COLUMBIA, SC (WIS) - A South Carolina Supreme Court order has brought a Columbia murder trial to a screeching halt after the alleged gunman's attorney argued the state's 'stand your ground' law should be invoked because his client feared for his own life after breaking into another man's apartment.

It was a 2005 home invasion and murder that went unsolved until last year, when investigators finally connected a single fingerprint to the suspects. Three people were ultimately arrested in connection with the killing of Tony Corbitt.

This week, Gregg Isaac went on trial.

Despite an apparent confession from Isaac, the Supreme Court stopped the proceedings.

The trial was stopped during an attempt by the defense to invoke South Carolina's 'stand your ground' law, which is the legal concept at one point tested in the George Zimmerman trial in Florida.

Here, a similar South Carolina statute has been brought up. But this time the real question centers on court procedure.

George Zimmerman stopped short of claiming he was immune from prosecution but says he had the right to use deadly force to defend himself against Trayvon Martin.

Despite very different circumstances, Brett Parker's defense proposed a similar claim in the killing of Bryan Capnerhurst.

Now the issue has come up again. This time in the murder trial of Gregg Isaac.

He's one of three suspects linked to the fatal shooting of 30-year-old Tony Corbitt in Corbitt's Fernandina Road apartment on October 27, 2005.

Authorities say Isaac and two others, armed with handguns, kicked in the front door of Corbitt's apartment, assaulted and killed him in front on his 8-year-old child. Investigators said the whole thing was planned.

Isaac even admitted firing the fatal shots during his trial this week.

But the trial has been suspended by the high court after Isaac's attorney pushed for a hearing in an effort to invoke the law based on a concept known as the Castle Doctrine.

"What happened was, as I understood it, an appeal was filed after the hearing," says veteran Columbia attorney Jack Swerling. "And the appeal seems to be based on either there was a denial of a hearing or denial of immunity. In either event the court interceded and said that a person who raises the Castle Doctrine...has a right to immediately appeal."

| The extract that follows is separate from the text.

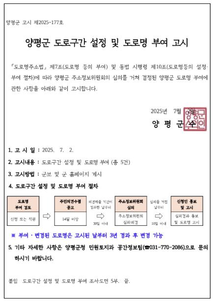 [우리집신문=감자] 양평군은 공원과 산책로 5곳에 도로명주소를 신규 부여했다. 기존의 공원과 산책로는 비거주지역으로 주소 정보가 부족하여 정확한 위치를 파악하기 어려웠다. 이러한 문제를 해결하고, 군민과 방문객의 안전과 편리성을 향상하기 위하여 이번에 도로명주소가 부여됐다. 이를 위하여 양평군은 관계 기관과 군민의 의견을 구하고, 현장 조사를 거친 뒤, 6월 23일부터 26일까지 진행된 양평군 주소정보위원회 심의를 거쳐 도로구간과 도로명을 최종결정했다. 이번에 부여된 주소는 다음과 같다. 양강섬안길(△양근리 497-2 ~ 479-8), 오빈강변산책길(△오빈리 521 ~ 538), 강하예술공원안길(△전수리 1035-9 ~ 998-13), 강하수변공원안길(△운심리 560 ~ 69-3), 복포강변산책길(△복포리 444 ~ 168-6). 도로명은 해당 공간의 지리적 위치와 특성을 반영하여 누구나 쉽게 위치를 알 수 있도록 부여됐다. 예컨대 “OO안길”은 공원 또는 섬 내부에 있는 길을, “OO산책길”은 지명과 지형에 기반한 산책로라는 점을 명확히 드러낸다. 이처럼 도로명주소가 없던 공간에 도로명주소를 부여함으로써 응급상황 발생 시 신속한 대응, 내비게이션 안내, 시설물 관리 등 다양한 생활 편의성이 크게 향상될 것으로 기대한다. 전진선 양평군수는 “군민들이 자주 찾는 공원과 산책로에 도로명주소가 생겨 더 편리하고 더 안전해졌다. 앞으로도 공원, 산책로, 등산로 등 비주소지역에 도로명주소를 확대 부여해 군민의 편의성과 안전을 높이고, 촘촘한 주소체계를 지속적으로 구축해 나가겠다.”라고 말했다.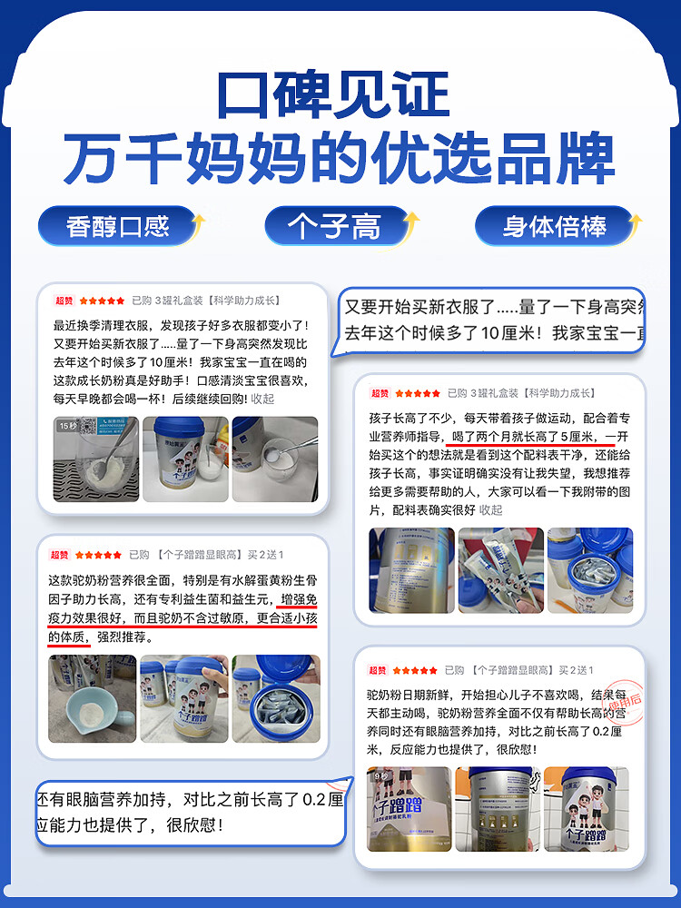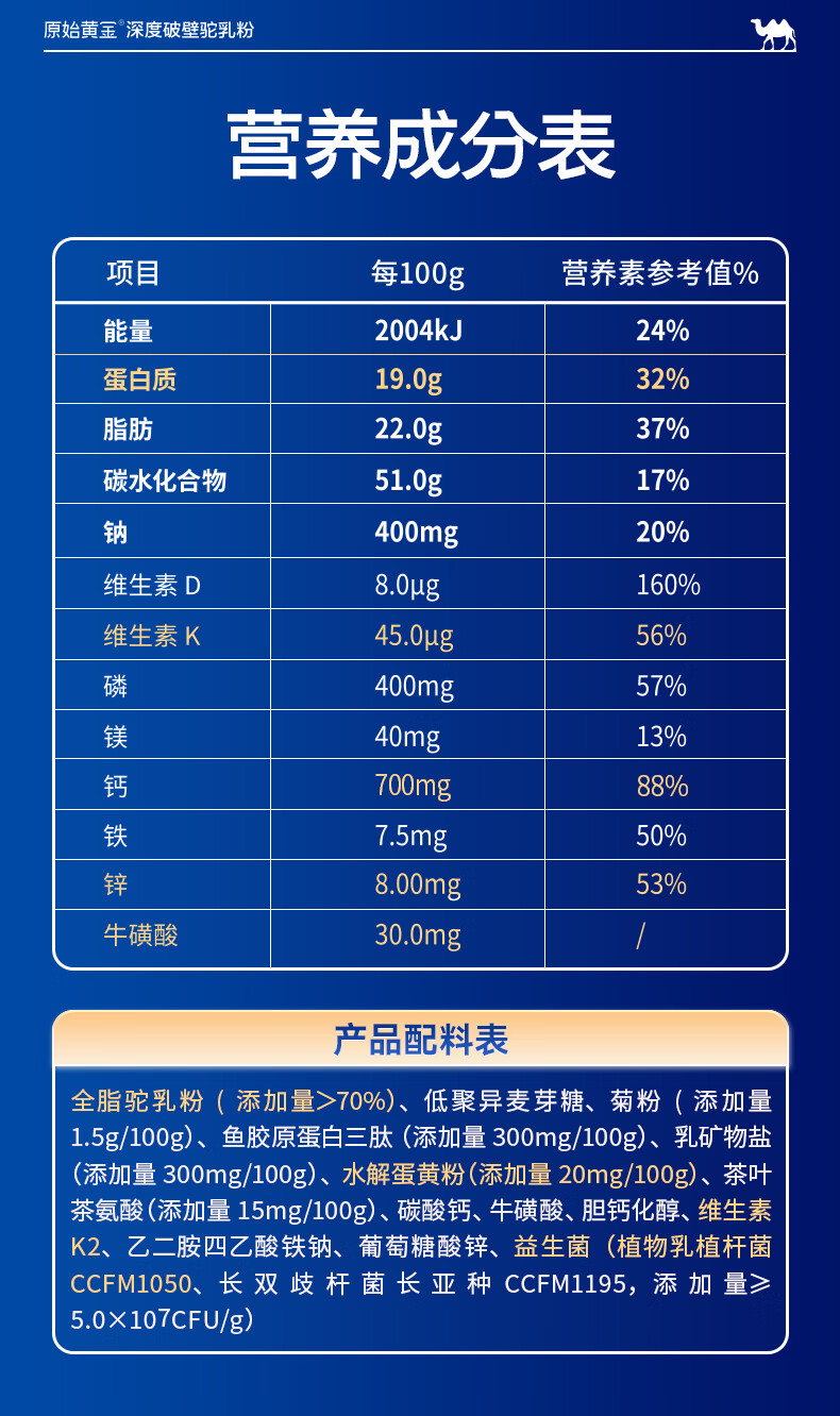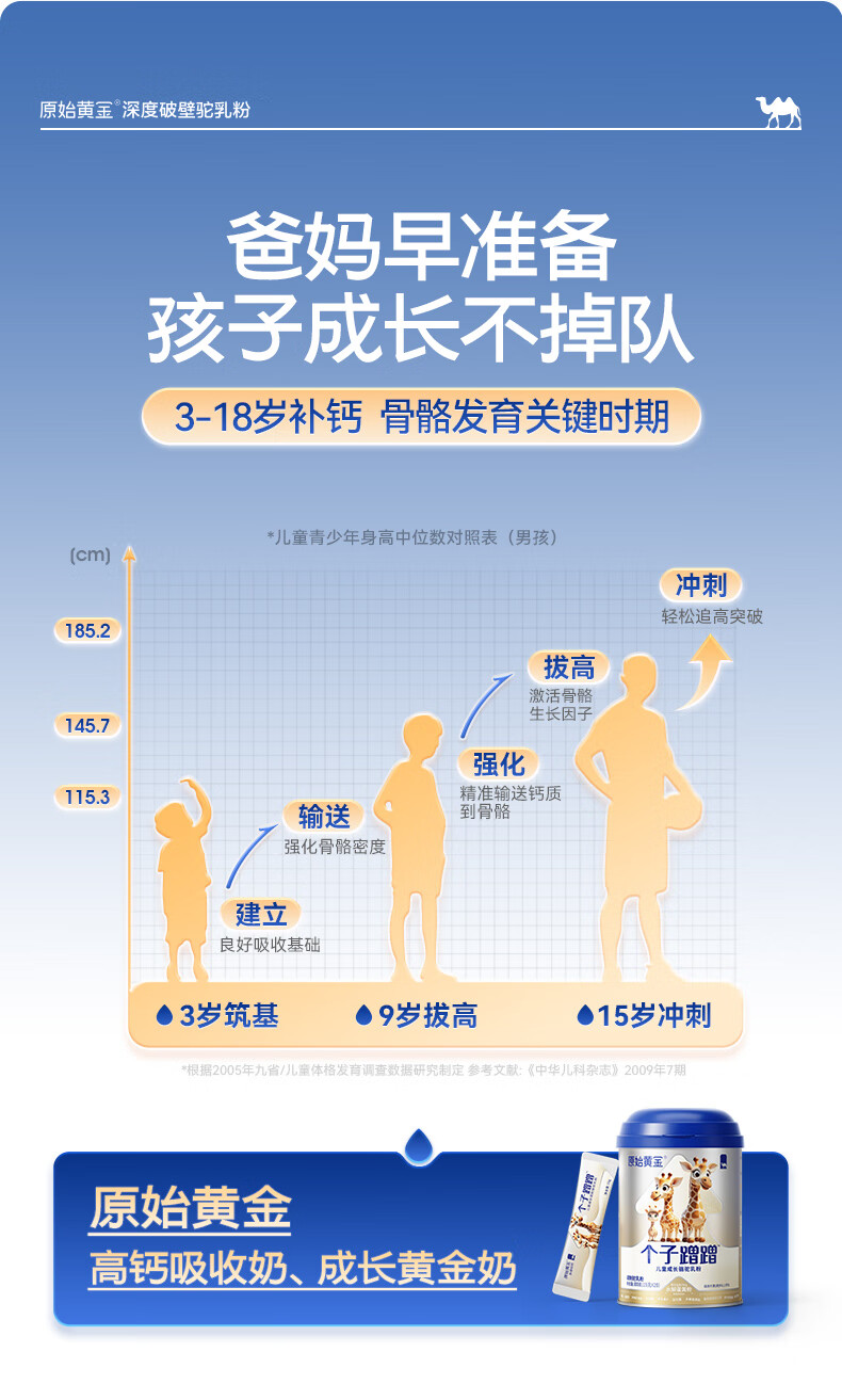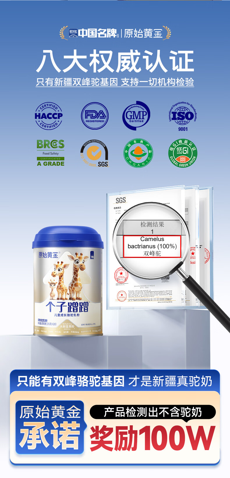 原始黄金儿童成长奶粉 个子蹭蹭 新疆骆驼奶粉乳铁蛋白高钙发育3-15岁300g

South Carolina's law says 'stand your ground' does not apply if the person claiming it was in the process of doing something illegal.

That was a huge obstacle for Parker's defense team. 'Stand your ground' was never fully raised as a trial issue.

In the Isaac trial, the Supreme Court is targeting a matter of procedure.

The high court's order doesn't have anything to do with the merits of the argument the defense is trying to make, but about how the court dealt with holding a hearing on that argument.

Attorney Robert Rikard says the defense claim that Isaac should be immune from prosecution despite committing several crimes might be absurd, but it did buy some time for Isaac's attorney.

"What you don't want is 'justice delayed is justice is denied,'" said Rikard. "If you're using this as a delay tactic, which it appears it was, then the whole justice system comes to a screeching halt. You've got a jury waiting to hear a trial, you've got people there, you've got witnesses. It disrupts lives. It's not fair to all parties involved."

It could take some time to resolve the hearing issue and get back to Isaac's trial, because doing so will require arguments before the Supreme Court.